▸ What you will do:
In the entries below, begin at the line with "NB3070 여성 데일리 루즈핏 심플 얇은 크링클 긴팔 셔츠" and stop after the line with "Tình nguyện viên"; output those lines exactly and omit the pictures.

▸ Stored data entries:
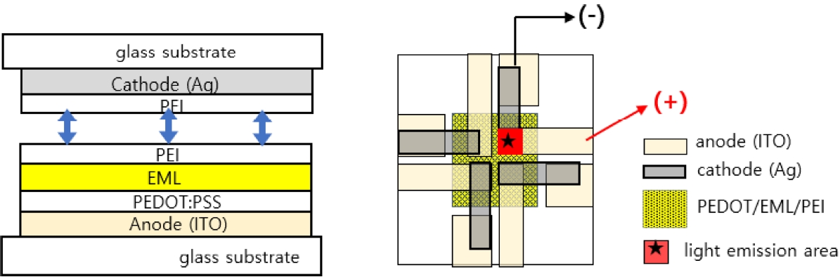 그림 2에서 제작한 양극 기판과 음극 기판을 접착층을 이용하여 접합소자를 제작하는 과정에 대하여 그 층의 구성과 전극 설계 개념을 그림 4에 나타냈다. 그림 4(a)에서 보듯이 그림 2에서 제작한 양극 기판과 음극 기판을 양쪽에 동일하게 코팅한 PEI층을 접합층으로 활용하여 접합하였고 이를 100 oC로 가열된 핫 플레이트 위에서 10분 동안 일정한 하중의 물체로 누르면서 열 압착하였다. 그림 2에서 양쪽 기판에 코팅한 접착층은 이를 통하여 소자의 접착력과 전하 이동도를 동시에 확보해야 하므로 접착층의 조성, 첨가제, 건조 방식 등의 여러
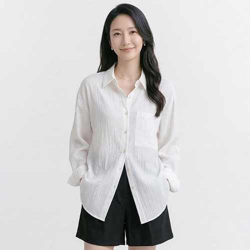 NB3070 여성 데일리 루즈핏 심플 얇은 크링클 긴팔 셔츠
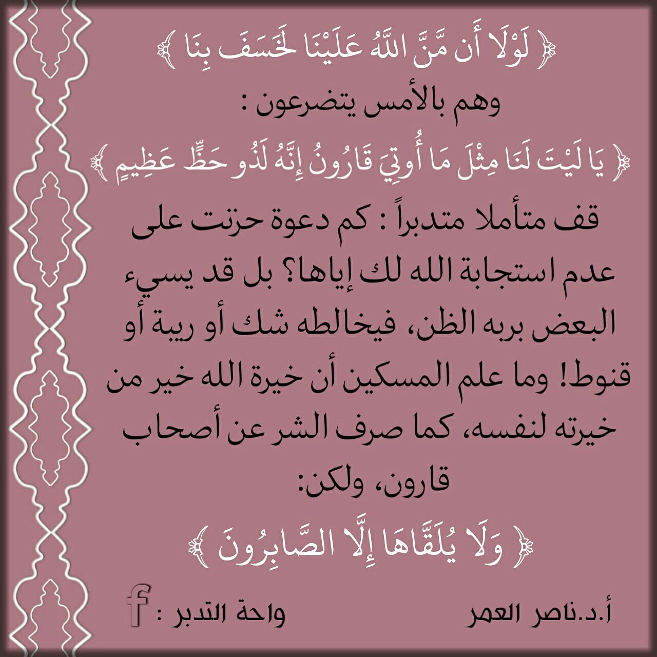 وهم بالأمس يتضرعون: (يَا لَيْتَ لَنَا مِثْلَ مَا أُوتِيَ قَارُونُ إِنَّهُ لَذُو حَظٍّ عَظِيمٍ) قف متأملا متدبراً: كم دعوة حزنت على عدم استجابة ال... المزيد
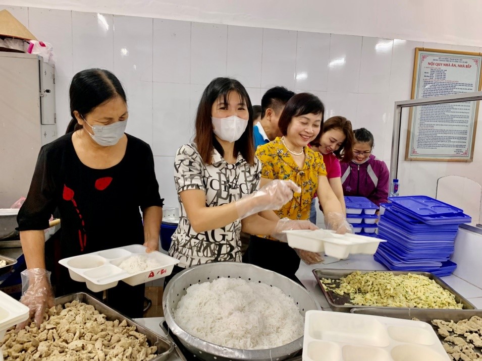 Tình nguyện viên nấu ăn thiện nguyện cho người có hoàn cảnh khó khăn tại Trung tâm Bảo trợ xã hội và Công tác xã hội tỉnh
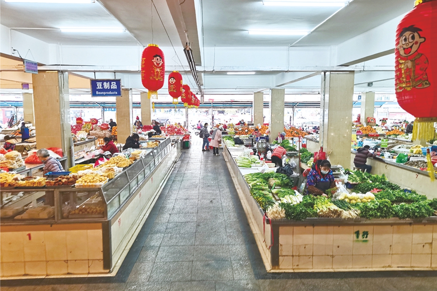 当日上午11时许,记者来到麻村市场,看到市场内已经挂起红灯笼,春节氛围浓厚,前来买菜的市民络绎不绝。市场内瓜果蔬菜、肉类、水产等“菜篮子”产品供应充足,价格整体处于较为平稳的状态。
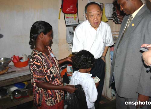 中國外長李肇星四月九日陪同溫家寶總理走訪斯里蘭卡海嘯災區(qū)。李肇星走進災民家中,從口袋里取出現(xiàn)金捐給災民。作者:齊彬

▸ Answer to this problem:
 NB3070 여성 데일리 루즈핏 심플 얇은 크링클 긴팔 셔츠
 وهم بالأمس يتضرعون: (يَا لَيْتَ لَنَا مِثْلَ مَا أُوتِيَ قَارُونُ إِنَّهُ لَذُو حَظٍّ عَظِيمٍ) قف متأملا متدبراً: كم دعوة حزنت على عدم استجابة ال... المزيد
 Tình nguyện viên nấu ăn thiện nguyện cho người có hoàn cảnh khó khăn tại Trung tâm Bảo trợ xã hội và Công tác xã hội tỉnh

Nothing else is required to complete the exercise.